SOUTH SAN FRANCISCO, Calif., March 29, 2016 /PRNewswire/ -- Veracyte, Inc. (NASDAQ: VCYT) today announced that company and external researchers will deliver poster presentations demonstrating the clinical utility of the Afirma Gene Expression Classifier (GEC) in thyroid cancer diagnosis, as well as advancing the genomic science around thyroid malignancy, at ENDO 2016, the annual conference of The Endocrine Society, being held April 1-4 in Boston.

"We continue to build the evidence demonstrating the real-world positive impact of the Afirma GEC on patient care. This further reinforces the test's role as a new standard of care in thyroid cancer diagnosis," said Bonnie Anderson, president and chief executive officer of Veracyte. "At the same time, our scientists continue to advance genomic-level understanding of thyroid cancer, in our ongoing effort to provide physicians with clinically useful information that can improve patient care."
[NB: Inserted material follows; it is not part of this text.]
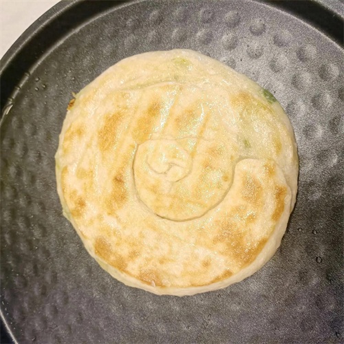 然后再卷成一个葱花饼,用擀面杖再擀饼的形状自己家吃,不一定非得圆圆的,能吃就行。

The following abstracts will be presented during the general poster session on Saturday, April 2, 1:15-3:15 p.m. ET, in Hall AB1 (BCEC) at the Boston Convention and Exhibition Center:

Veracyte will also feature presentations from leading clinical experts at its booth (#309) during the ENDO 2016 conference, including an overview of the Afirma GEC in clinical practice, presented by Erik K. Alexander, M.D., chief, thyroid section, at Brigham and Women's Hospital.

About Afirma
Veracyte's Afirma Thyroid FNA Analysis is a comprehensive solution for improved thyroid nodule assessment. It centers on the Afirma Gene Expression Classifier, a 142-gene molecular test that identifies benign thyroid nodules among those deemed indeterminate by cytopathology, enabling these patients to potentially avoid an unnecessary surgery. An additional 25 genes are used to differentiate uncommon neoplasm subtypes. The company's Afirma Malignancy Classifiers - comprising tests for medullary thyroid cancer and BRAF gene mutation status - are designed to inform surgical strategy for those patients headed to surgery based on their cytopathology or Afirma GEC results. Since the launch of the Afirma GEC in 2011, it has helped spare more than an estimated 20,000 patients from unnecessary thyroid surgery.

About Veracyte
Veracyte (NASDAQ: VCYT) is pioneering the field of molecular cytology, offering genomic solutions that resolve diagnostic ambiguity and enable physicians to make more informed treatment decisions at an early stage in patient care. By improving preoperative diagnostic accuracy, the company aims to help patients avoid unnecessary invasive procedures while reducing healthcare costs. Veracyte's Afirma Thyroid FNA Analysis centers on the proprietary Afirma Gene Expression Classifier (GEC) and is becoming a new standard of care in thyroid nodule assessment. The Afirma test is recommended in leading practice guidelines and is covered for nearly 180 million lives in the United States, including through Medicare and many commercial insurance plans. Veracyte is expanding its molecular cytology franchise to other clinical areas, beginning with difficult-to-diagnose lung diseases. In April 2015, the company launched the Percepta Bronchial Genomic Classifier, a test to evaluate patients with lung nodules that are suspicious for cancer. Veracyte is developing a second product in pulmonology, targeting interstitial lung diseases, including idiopathic pulmonary fibrosis. For more information, please visit www.veracyte.com.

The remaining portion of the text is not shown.